What is expected: Copy all the data exactly, except the pictures.

Recorded data:
━━━━

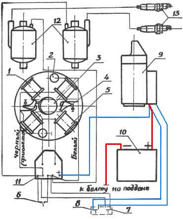 "-" цепляется на корпус двигателя, а "+" на шпильку стартера.
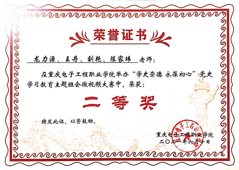 为深入学习贯彻习近平总书记在党史学习教育动员大会上的重要讲话精神,教育引导pg国际师生传承弘扬中国共产党人的政治品格、政治大德,永葆党的先进性和纯洁性。重庆电子工程职业学院开展2021年“学史崇德永葆初心”党史学习教育主题班会微视频大赛,我院陶琰歆、江瑶瑶,李创团队和龙力源、王丹、刘艳、陈家玮团队参赛作品分别荣获二等奖。
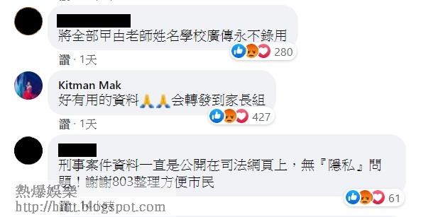 不過,麥潔文卻留言力撐,以簡體字寫道:「好有用的資料,會轉發到家長組。」她公然助長篤灰的留言,獲得逾200個「嬲嬲」。

━━━━

Solution to this problem:
 "-" цепляется на корпус двигателя, а "+" на шпильку стартера.
 为深入学习贯彻习近平总书记在党史学习教育动员大会上的重要讲话精神,教育引导pg国际师生传承弘扬中国共产党人的政治品格、政治大德,永葆党的先进性和纯洁性。重庆电子工程职业学院开展2021年“学史崇德永葆初心”党史学习教育主题班会微视频大赛,我院陶琰歆、江瑶瑶,李创团队和龙力源、王丹、刘艳、陈家玮团队参赛作品分别荣获二等奖。
 不過,麥潔文卻留言力撐,以簡體字寫道:「好有用的資料,會轉發到家長組。」她公然助長篤灰的留言,獲得逾200個「嬲嬲」。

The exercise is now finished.